Almost all parts of SCG are accessible through Globus, using these collection names & IDs:
SCG Path | Name (UUID) |
Sharable? |
---|---|---|
~ | SRCC SCG Home (2e23906b-0608-45bb-b344-393b8706e862) |
No |
/labs | SRCC SCG Lab Storage (3257fc54-9071-42fa-88ca-6097b2679b9a) |
Yes |
/projects | SRCC SCG Project Storage (2a975852-c740-4ff0-b8df-bc66d4888fc9) |
Yes |
/public | SRCC SCG Public (9299a0f9-06db-4109-910b-d3b590be2440) |
Yes |
/reference | SRCC SCG Reference Data (670e9ef9-70c9-46df-b213-f878e36cfe72) |
No |
/storage | SRCC SCG Other Storage (87ab9eb7-a4cb-4bf1-811c-c2cebac2a695) |
Yes |
/gssc | Stanford GSSC Storage (ce40ee4c-bf06-4847-bd24-f4b41a6f2581) |
Yes |
/BaaS | SRCC SCG BaaS Storage (457ce307-ed67-4b07-803e-865ead9c1702) |
No |
(The old SCG Cluster Storage endpoint is now deprecated, and should not be used.)

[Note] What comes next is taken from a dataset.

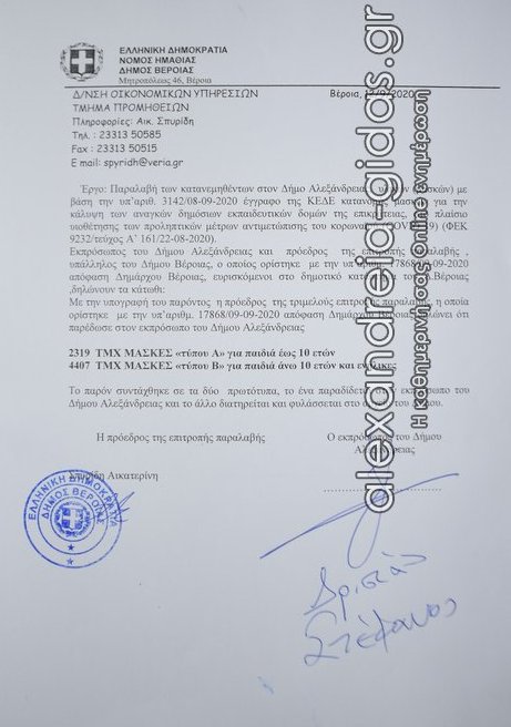 Τις μάσκες που θα μοιραστούν στα σχολεία του δήμου μας παρέλαβε σήμερα Σάββατο 12 Σεπτεμβρίου 2020 ο δήμος Αλεξάνδρειας.

Collection names above are links. Click the link to be taken to the Globus web app and load the collection. To transfer files, click on the button “Open in File Manager”. To make a share or view your existing shares, click on the “Collections” tab.
SCG OnDemand File App¶
The SCG OnDemand File App (https://ondemand.scg.stanford.edu/) offers an intuitive interface to navigate SCG storage and upload or download files. It also includes built in tools to view and edit files in the web browser.
Samba¶
The Samba server at samba.scg.stanford.edu presents SCG storage to Stanford campus networks and VPN and makes it possible to easily mount the storage as a shared drive on your local system. Basic instructions/troubleshooting for each major Operating System are below or you can try this direct link if you are feeling lucky and aren’t using Windows:
Linux¶
Open a terminal and run kinit SUNeTID@stanford.edu
replacing SUNetID with your SUNetID. For example,
griznog@gambusia:~$ kinit griznog@stanford.edu
Password for griznog@stanford.edu:
griznog@gambusia:~$ klist
Ticket cache: FILE:/tmp/krb5cc_1000
Default principal: griznog@stanford.edu
Valid starting Expires Service principal
07/15/2019 13:08:37 07/16/2019 14:08:27 krbtgt/stanford.edu@stanford.edu
renew until 07/22/2019 13:08:27
griznog@gambusia:~$
In Linux open Nautilus or your distribution’s file manager app and in the path
area or under a menu selection like Connect to server...
enter
smb://samba.scg.stanford.edu/
and you should be presented with a window displaying the available network
shares. The special share labeled with your SUNetID
is your SCG $HOME
directory.
Mac OS X¶
Open a terminal and run kinit SUNeTID@stanford.edu
replacing SUNetID with your SUNetID.
Open Finder, select Connect to server
and enter
smb://samba.scg.stanford.edu/
and you should be presented with a Finder window displaying the available network
shares. The special share labeled with your SUNetID
is your SCG $HOME
directory.
Windows¶
Open the File Explorer, and enter the following path in the “address bar”:
\\samba.scg.stanford.edu\
At the login prompt, use sunetid@stanford.edu
as the username, and use your
SUNet password as the password. In other words, if your SUNetID is abc
, use abc@stanford.edu
as your username, and use your SUNet password as your password.
If login still fails, you will need to do some one-time configuration, to tell your computer how to properly authenticate. Run these commands in the Command Prompt application, (which you will need to run as Administrator):
ksetup /addkdc stanford.edu krb5auth1.stanford.edu
ksetup /addkdc stanford.edu krb5auth2.stanford.edu
ksetup /addkdc stanford.edu krb5auth3.stanford.edu
ksetup /addhosttorealmmap .stanford.edu stanford.edu
The first three commands will give you a warning: “Your realm name stanford.edu has lowercase letters.” This is expected, and you should say “Yes” at the prompt.
Once those commands have run, you will need to restart your computer. After that, you should be able to log in.
rsync¶
rsync is a time-tested tool for moving data both between remote systems and locally. With a large number of options and features, it’s impossible to completely cover all potential uses of rsync, but we are able to show how we recommend using rsync with SCG.
Basic rsync usage is…
rsync [options] [user@host:]/path/to/source [user@host:]/path/to/target
Note that only one of source and target can be a remote host. An example of copying files from my local system to SCG (including our preferred options) is…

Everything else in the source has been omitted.